May you find simply joy in your garden!


12 thoughts on “Landscape Challenges – Letting go of a wet lawn!

  1. Great job, Scott! Love the meadow & the natives-in-planning. I bet you enjoy less mowing, watering & fertilizing too. Looks like your own personal nature preserve.

  2. Excellent post, as usual! Our property is almost an acre and over the last few years we have been incorporating native plant species where lawn once reigned supreme. It’s time to re-frame our thinking on what the spaces around our homes should really be. I love that you always have photos to augment your thoughts. Thank you!

    1. Thank you for the kind words Liz! It sounds as if you too have a beautiful property. I wish more of us would “re-frame our thinking” as you mentioned. Well said!

  3. Scott, love that you created the meadow and what a wonderful collection of plants you have already. I’ve left a section along the border with a neighbor, separated by a chain link fence, go. It is under some large trees with many roots that made it impossible to mow and it has filled in nicely with jewelweed, raspberries and some wild lettuce. I don’t know what the neighbors think but I like the look. Thanks for the post!

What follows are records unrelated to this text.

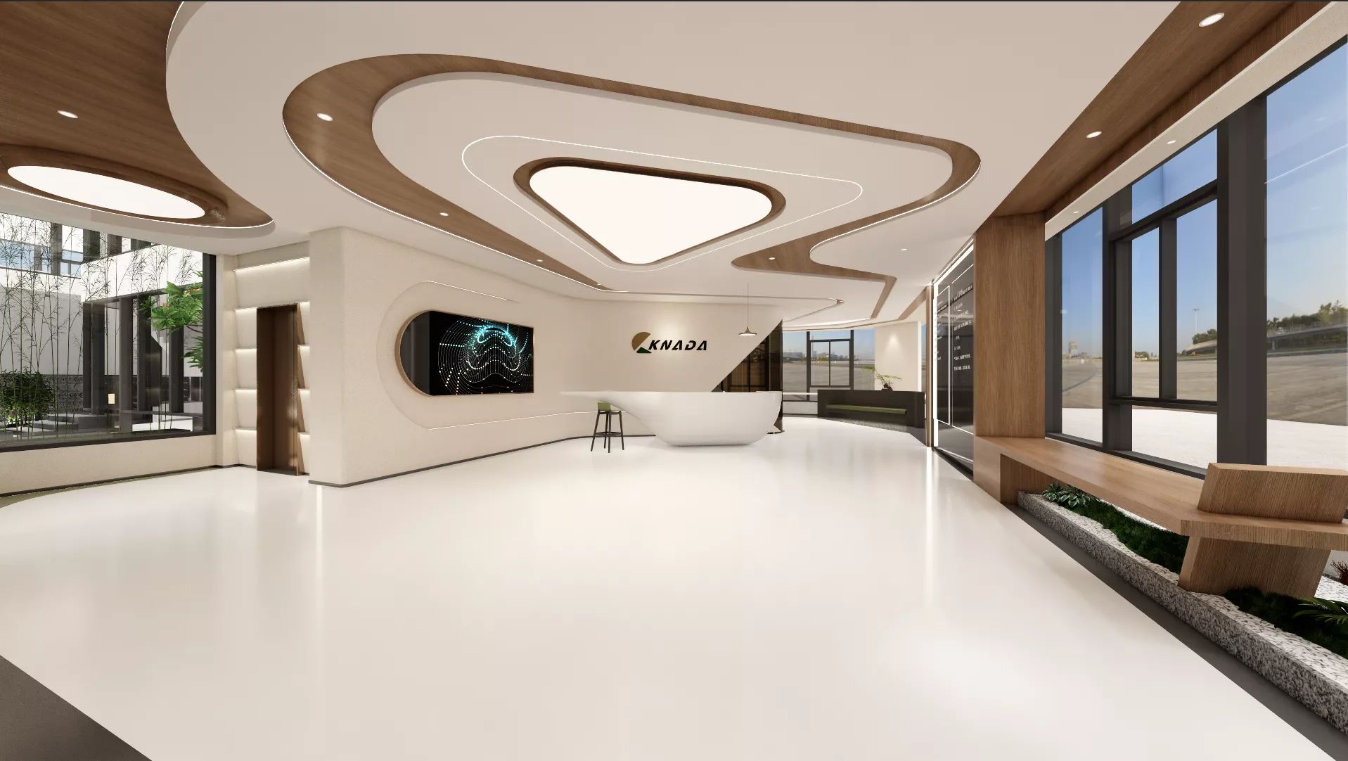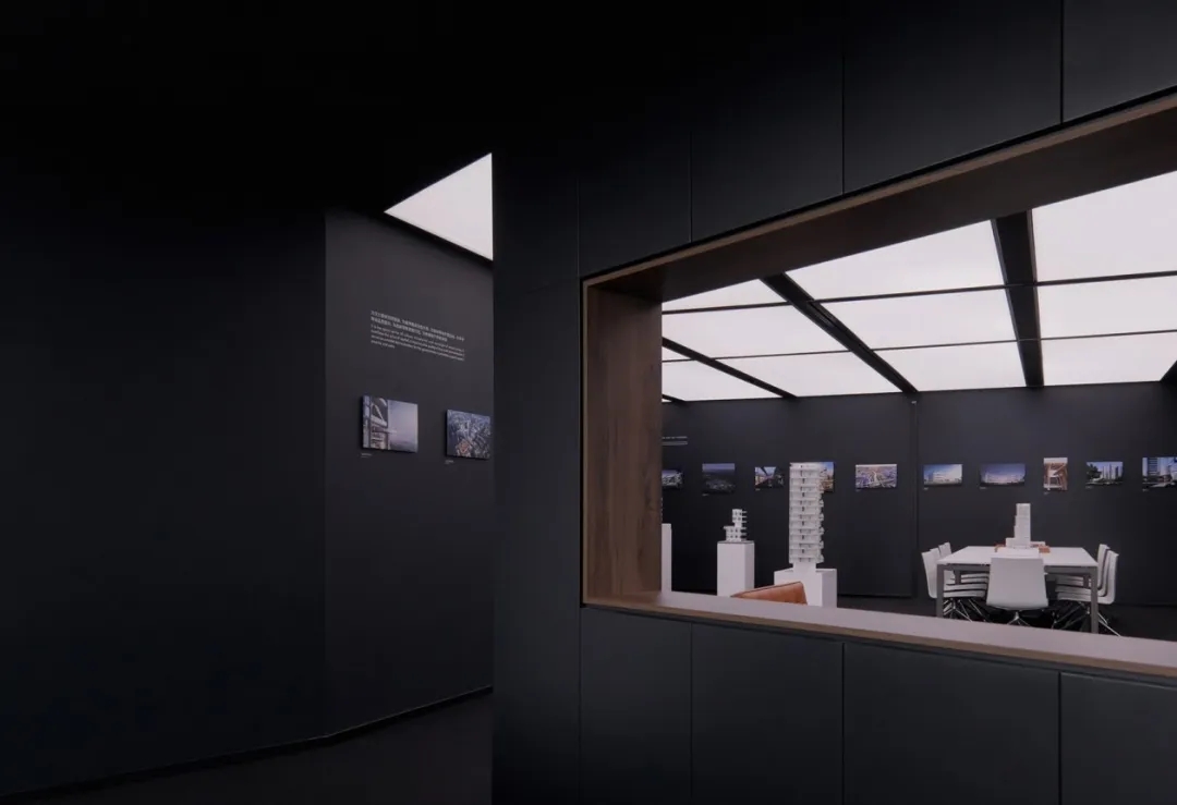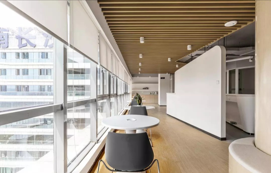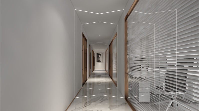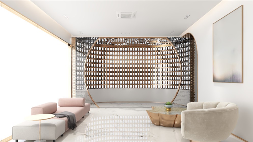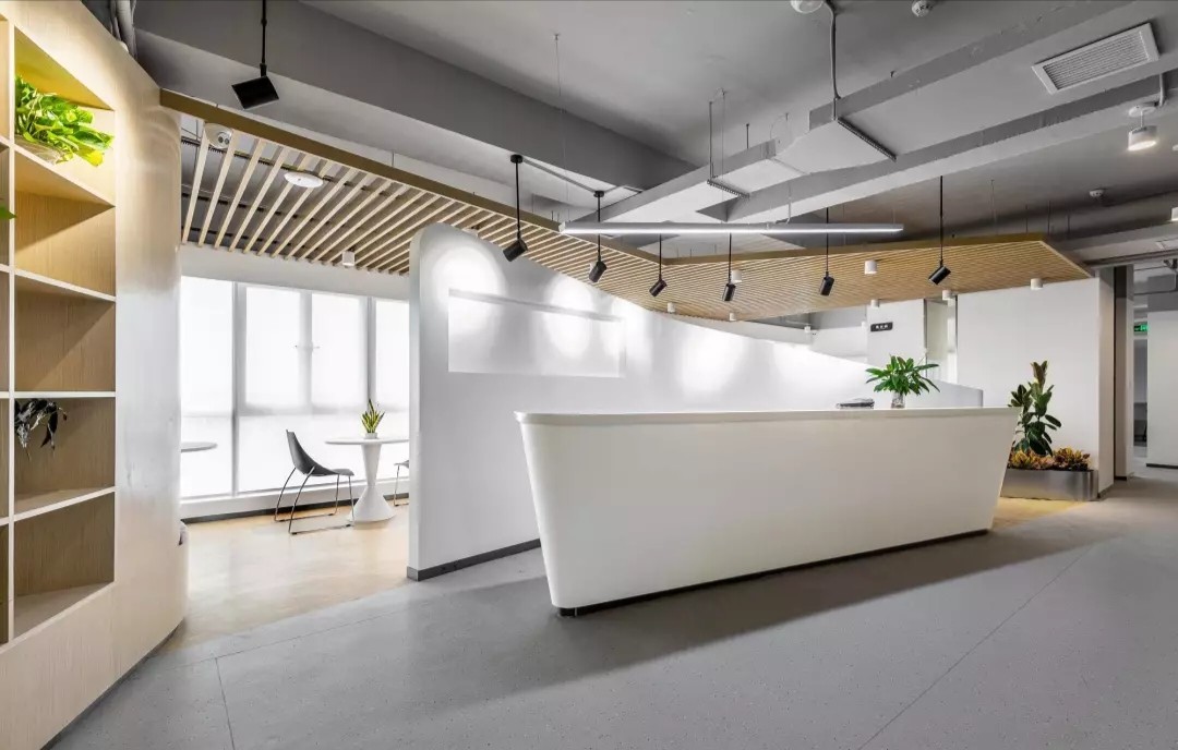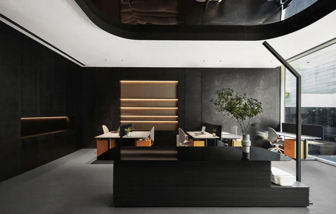 入口大厅体现一种灵活多变的时尚现代的气息,形成一种隔而不断的开放式共享空间。入口处虚实对比的隔断更能凸显企业既沉稳又包容的企业姿态。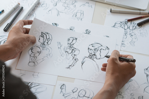 Wall mural : Animator designer development designing drawing sketching development creating graphic pose characte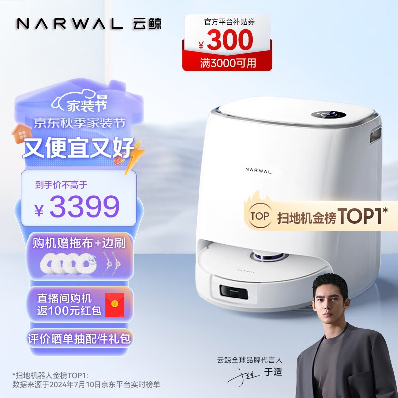 云鲸扫地机器人J4 扫拖洗烘一体自动清洗集尘全自动 洗地机洗拖一体 吸尘器拖地机擦地机器人 水箱版价格:3699.00元!
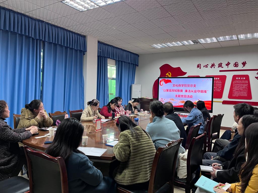 文化商学院两支部联合开展“以案促改知敬畏 廉洁从业守底线”主题党日活动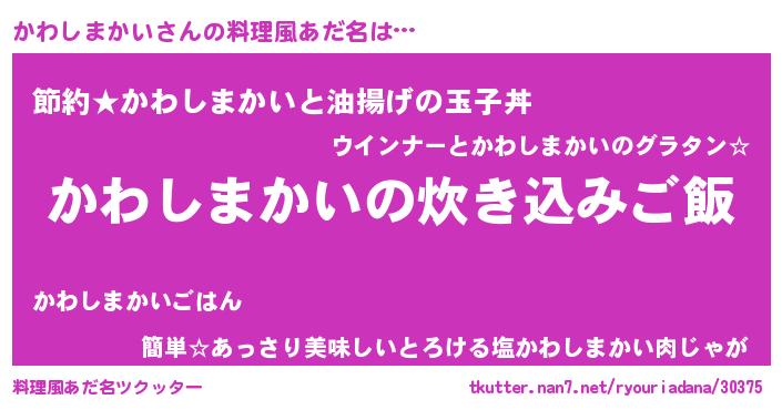 | 胡散臭い通販商品みたいなあだ名 | 『億万長者になれるブレスレット…その名も「かわしまかい」』 |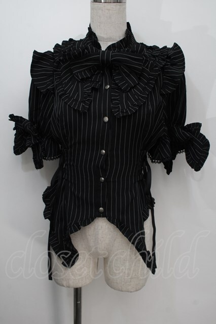 Chalmiere / ストライプリボンブラウス 黒 S-25-10-15-042-LO-BL-HR-ZS [2100020000032877-S-25-10-15-042-LO-BL-HR-ZS]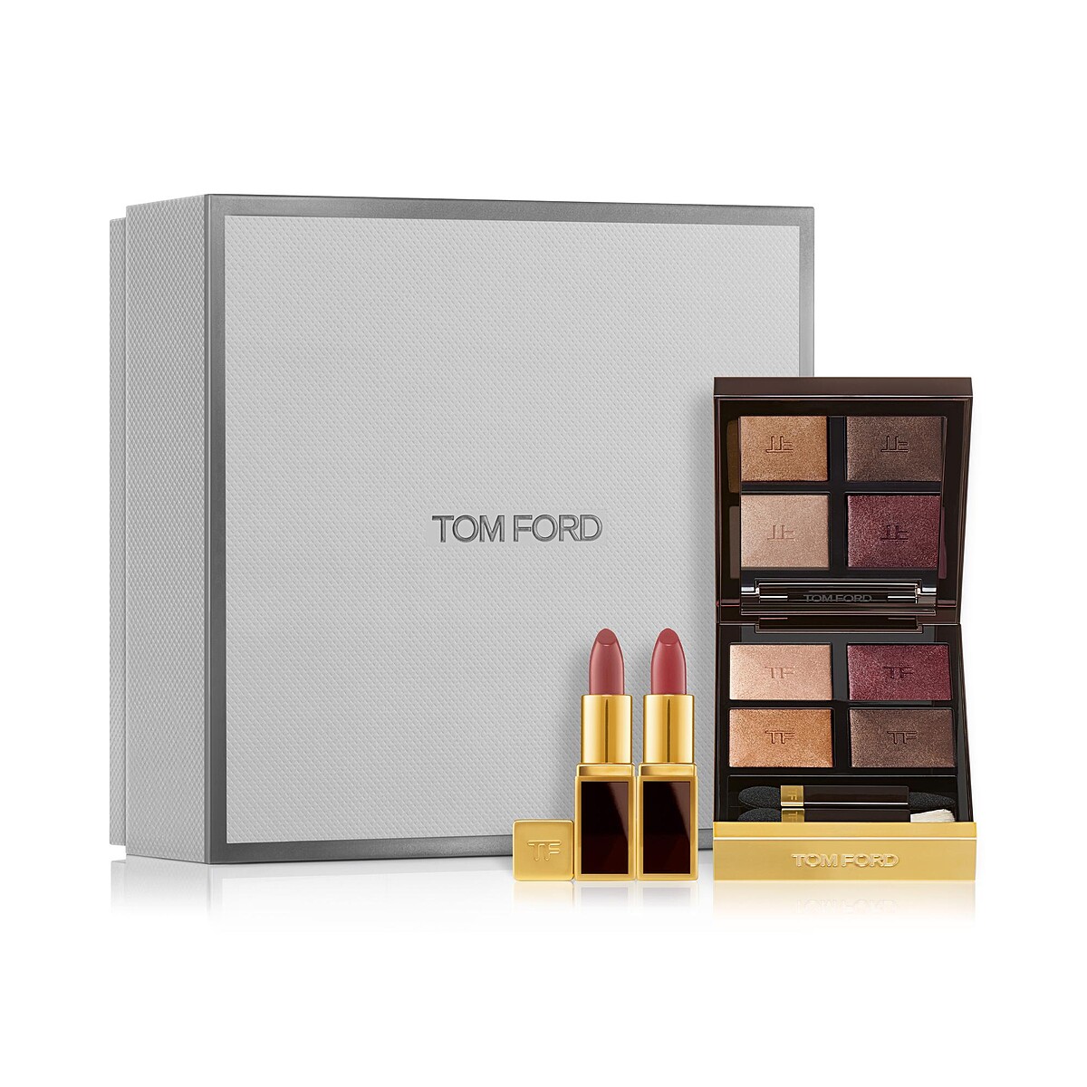 四色眼影是Tom Ford必收的彩妝單品,2021年驚喜獻上只有禮盒限定、單買買不到的#COGNAC ROSE眼影組,一盤囊括四款不同細緻閃耀質地,從絕美夕陽香檳到百搭大地色以及精緻莓果色一應俱全,並搭配TOM FORD經典唇彩#CASABLANCA、#FASCINATOR,絕佳眼影和最適合的唇彩搭配,不管甚麼場合都適用。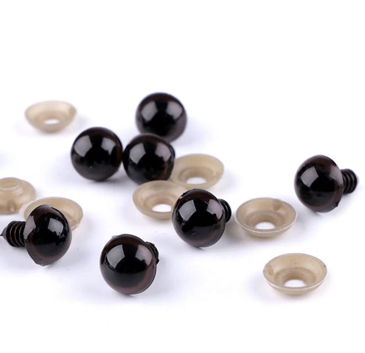 Barna színű 14 mm átmérőjű biztonsági szem, amelyet tűnemezelt, textilből készült vagy horgolt figurák (állatok, babák) szemének az elkészítéséhet ajánlunk. A biztonsági szem hátoldalán menetes szár található, amelyet egy biztonsági patent segítségével lehet fixálni. Színe: Barna és fekete, fényes. A csavar hossza 13 mm. Anyaga: műanyag. Átmérője 14 mm, hossza: 13 mm, vastagsága: 6 mm. Az egyszégcsomag 2 db szemet és 2 db biztonsági patentet tartalmaz. 3 éves kor alatti gyermeknek nem ajánlott! Használati utasítás: a szemet tegyék csúszásmentes felületre. A biztosítékot csipesszel tudják feltenni. A szem szárát húzzák át a textílián, a biztosítékot fogják meg csipesszel és csiptessék rá a szárra.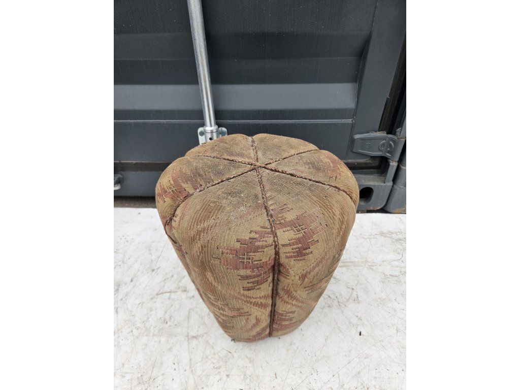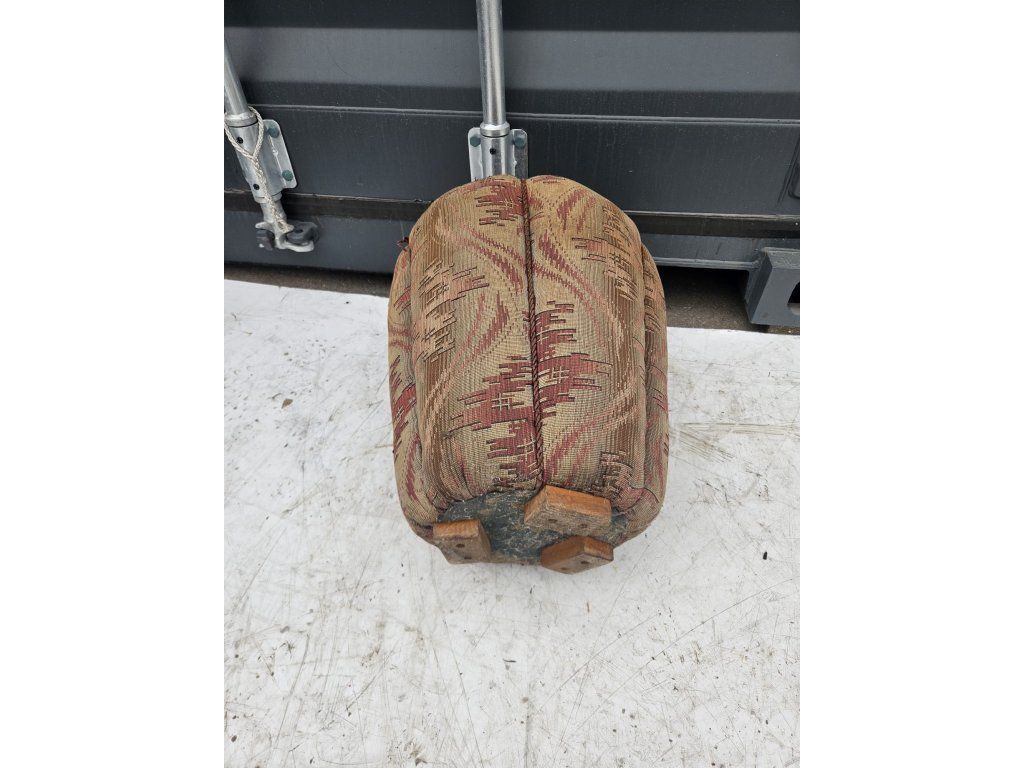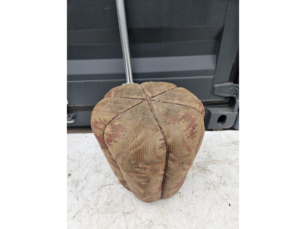 Původní stav. Konstrukčně stabilní, čalounění místy znečištěné, vytrhané nitky. Vhodný k renovaci. Rozměry: výška: 43 cm, průměr: 40 cm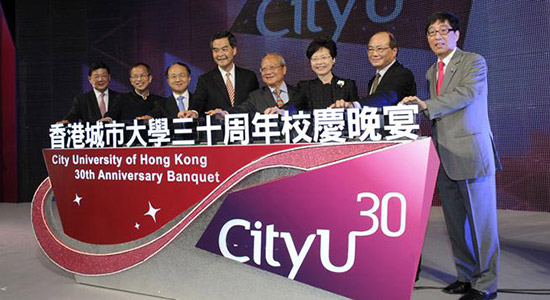 香港城市大学11月1日在香港会展中心举行三十周年校庆晚宴,城大支持者、校友等嘉宾以及师生职员共800多人欢聚庆贺。香港特区行政长官及城大监督梁振英、中央政府驻港联络办副主任王志民、香港特区政务司司长林郑月娥、立法会主席曾钰成、教育局局长吴克俭等担任主礼嘉宾。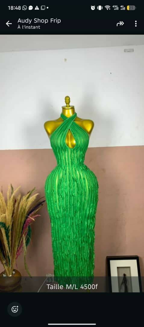 Cette robe longue verte transforme votre look avec son design unique et élégant. Transparente, à doubler. Confectionnée pour épouser vos courbes, elle est idéale pour des occasions spéciales ou des soirées élégantes. Offrez-vous un style inoubliable et faites tourner les têtes!

    1. Thanks for the comments Linda! Someday we’ll both have to venture over to our neighbors and ask their thoughts, although we may not want to know.

  4. Scott,

    I enjoyed reading your post and hearing about your meadow’s evolution, as well as your own. We have two areas on our property that are currently mown grass but do not need to be. One is on the north side of our house and is quite narrow and virtually unused except to get from the front to the back yard. I am slowly transforming it into a haven for shade-loving native shrubs and perennials with a narrow path (and no grass!). The other spot is along the road and is about 200 ‘ x 10’. Again, it is mown grass but doesn’t have to be. I am toying with several ideas for getting rid of the grass while keeping the aesethics of the neighborhood in mind. I don’t want it to be an unsightly & unappreciated ‘mess’ and become known as that wacky landscape designer who lives down the road!

    1. Hi Debbie,

      It’s fine line we walk as designers when we allow ourselves to “stretch our boundaries” so to speak. It is nice that you are considering your neighbors before transforming your yard. But you know what? I like “wacky landscape designers”, especially when they live down the street! I hope you post pics of your natural areas!

  5. Scott,
    The yard is beautiful, but my comment is about Boomer. We knew you were a very special man the day you walked onto our property for the back yard makeover. As a family of Labrador Retriever lovers, and past owners of two, let me just say – sweetest dog in the world! I’ll send some updated pictures of our yard soon, which is yet another beautiful job for your portfolio!

    1. Linda, you are too kind! I wholeheartedly agree with you about Labs. Boomer is a great buddy and is fun to watch when he gets into the meadow or the woods or simply locates a mole in the yard. I look forward to pictures, and finding a time to come by and visit! All the best, Scott.

  6. Your photos show you made a good choice. Now rather than mow longer you can enjoy the sites longer. We have a shady area along the edge of our front lawn that we are letting the moss claim. We transplanted native ferns to an adjacent area that had been trampled and crushed under construction equipment and piles of rock during our house construction. We let worms and soil churners prepare the soil for us under cloak of inches of fallen leaves. Both reclaimed areas serve as a natural transition from lawn to woods, require minimal maintenance, and look wonderful. It’s such a treat to observe changes that occur when Mother Nature is the designer.

    1. Joene, your new area sounds great. Letting the worms and soil churners do the work is genius! That natural transition helps the garden meld to it’s site. Thanks for the comments!